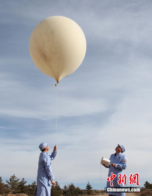 北京时间11月15日2时53分,中国在太原卫星发射中心用长征二号丙运载火箭,成功将遥感卫星二十三号送入太空。图为发射前科研人员做气象侦测。中新社发 陈海强 摄
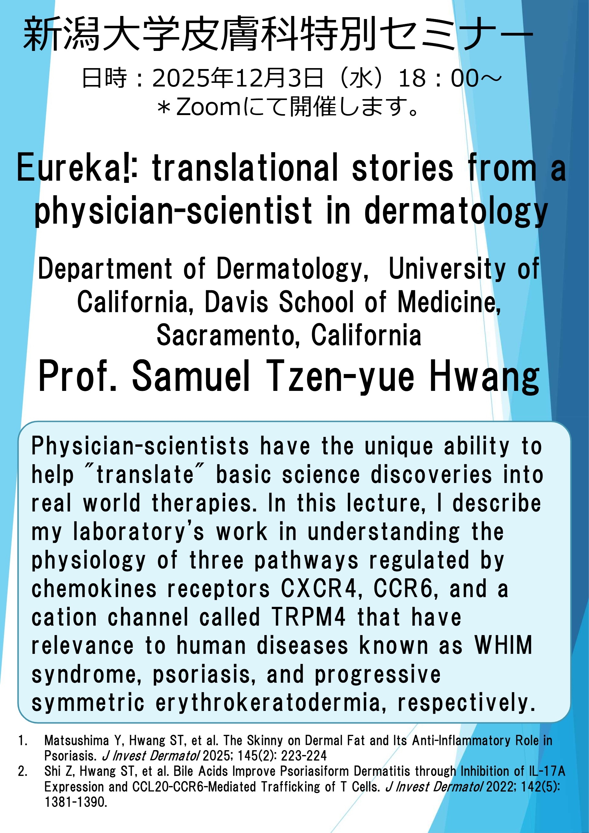Web特別講演 Prof. Samuel Tzen-yue Hwang (University of California, Davis School of Medicine, Sacramento, California) 関連資料 教育講演案内一覧へ戻る
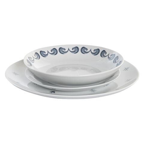 Ճաշի սպասքի հավաքածու DKD տան դեկորի ճենապակյա կապույտ սպիտակ 27 x 27 x 3 սմ 18 հատ
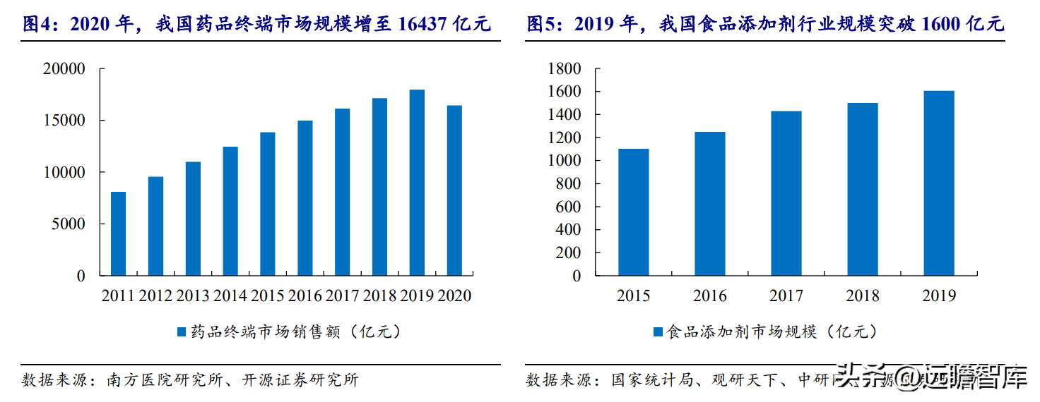 食品市场:植物提取物还可以作为甜味剂、食用色素、抗氧化剂等添加剂广泛应用于食品领域。2019 年,我国食品添加剂行业规模突破 1600 亿元。随着下游食品与餐饮业态的进一步多元化与持续发展,我国食品添加剂行业整体向好。

___

§ Work to be completed: I'd like the material duplicated exactly, without its pictures.

§ Expected output:
 北京时间11月15日2时53分,中国在太原卫星发射中心用长征二号丙运载火箭,成功将遥感卫星二十三号送入太空。图为发射前科研人员做气象侦测。中新社发 陈海强 摄
Web特別講演 Prof. Samuel Tzen-yue Hwang (University of California, Davis School of Medicine, Sacramento, California) 関連資料 教育講演案内一覧へ戻る
 Ճաշի սպասքի հավաքածու DKD տան դեկորի ճենապակյա կապույտ սպիտակ 27 x 27 x 3 սմ 18 հատ
 食品市场:植物提取物还可以作为甜味剂、食用色素、抗氧化剂等添加剂广泛应用于食品领域。2019 年,我国食品添加剂行业规模突破 1600 亿元。随着下游食品与餐饮业态的进一步多元化与持续发展,我国食品添加剂行业整体向好。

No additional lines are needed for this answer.